El reciente informe del Observatorio de la Deuda Social Argentina de la Universidad Católica Argentina deja un mensaje que merece una reflexión profunda. Más allá de las diferencias metodológicas que puedan existir con las mediciones oficiales, hay un dato que interpela a toda la dirigencia: la reducción de la pobreza parece haber encontrado un límite.
Durante los últimos meses, la desaceleración de la inflación permitió una recuperación parcial de algunos indicadores sociales. Sin embargo, el propio informe advierte que ese impulso comienza a agotarse. Los salarios dejaron de acompañar el aumento del costo de vida, crecieron la informalidad y la subocupación, aumentó la presión de los gastos fijos sobre los hogares y, quizás el dato más preocupante, uno de cada cinco trabajadores continúa siendo pobre.
Ese dato debería llevarnos a una reflexión más profunda.
Porque cuando el trabajo deja de garantizar una vida digna, el problema ya no es solamente económico. Es un problema de desarrollo.
La estabilidad macroeconómica es indispensable. Nadie discute eso. Después de muchos años de inflación crónica e incertidumbre, recuperar previsibilidad constituye una condición necesaria para que la economía vuelva a crecer.
Pero la estabilidad no puede convertirse en un fin en sí mismo.
Es una condición para alcanzar un objetivo mucho más ambicioso: el desarrollo.
Y el desarrollo no ocurre por inercia. No aparece automáticamente cuando baja la inflación ni cuando se ordenan las cuentas públicas. Requiere políticas públicas inteligentes, inversión, innovación, infraestructura, financiamiento y una estrategia territorial capaz de transformar el crecimiento económico en empleo de calidad y oportunidades para las personas.
Ese es, a mi entender, el gran desafío de esta etapa.
Si la discusión pública queda reducida exclusivamente a los indicadores macroeconómicos, corremos el riesgo de perder de vista aquello que realmente cambia la vida de las personas: la posibilidad de trabajar, producir, emprender y progresar en el lugar donde eligieron vivir.
Por eso necesitamos volver a hablar de desarrollo territorial.
Cada región posee recursos, capacidades y oportunidades distintas. No alcanza con esperar que las inversiones lleguen; debemos construir las condiciones para que esas inversiones generen un verdadero efecto multiplicador en cada territorio.
Cuando hablamos de minería, de vitivinicultura, de agroindustria, de economía del conocimiento, de energía o de turismo, no deberíamos preguntarnos solamente cuánto se invierte o cuántos empleos directos se generan.
La verdadera pregunta es otra.
¿Cuánto valor agregado queda en el territorio?
¿Cuántas PyMEs se integran a esa cadena productiva?
¿Cuántos proveedores locales se fortalecen?
¿Cuánta innovación se incorpora?
¿Cuánto empleo calificado se crea?
¿Cuántos jóvenes encuentran oportunidades para desarrollar su proyecto de vida sin verse obligados a emigrar?
Esas son las preguntas que distinguen una política de crecimiento de una verdadera política de desarrollo.
Mendoza tiene condiciones excepcionales para construir ese camino. Nuestra matriz productiva, la calidad de nuestros recursos humanos y la diversidad de nuestras actividades económicas nos permiten pensar un modelo que combine competitividad, innovación, sostenibilidad y generación de empleo.
Pero eso requiere planificación, articulación entre el sector público y el privado y una mirada de largo plazo.
La pobreza no se reduce de manera sostenible únicamente con asistencia social, ni exclusivamente con estabilidad macroeconómica.
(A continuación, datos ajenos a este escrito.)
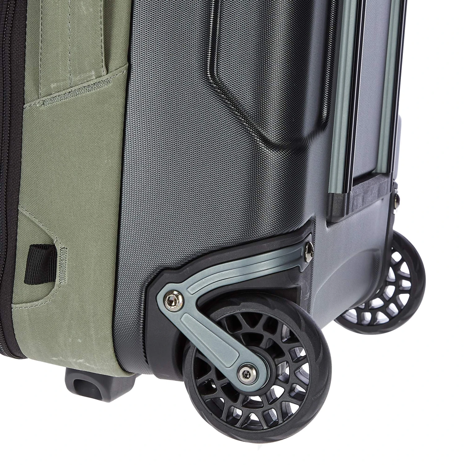 Der Traveltopia Wheeler 40 hat Handgepäckformat und punktet mit umweltfreundlichen Materialien. Die wachsartige Beschichtung kommt ganz ohne PFC aus und das Hauptmaterial ist komplett recycelt.

Se reduce cuando una economía es capaz de generar inversión, productividad, empleo formal y oportunidades distribuidas en todo el territorio.
Por eso creo que la gran discusión que viene ya no debería ser solamente cómo estabilizar la economía.
La discusión que viene debe ser cómo convertir esa estabilidad en desarrollo.
Porque, cuando el desarrollo está ausente, la pobreza tarde o temprano vuelve.
Y ese es un desafío que exige construir una agenda común, capaz de trascender las coyunturas y poner en el centro aquello que realmente transforma la vida de las personas: el desarrollo productivo con arraigo, innovación y oportunidades en cada rincón de nuestro territorio.
Por María Gabriela Lizana. Diputada Provincial de Mendoza – Frente Renovador. Abogada. Máster en International Business. Empresaria PyME vitivinícola y consultora en desarrollo productivo, comercio internacional y desarrollo territorial.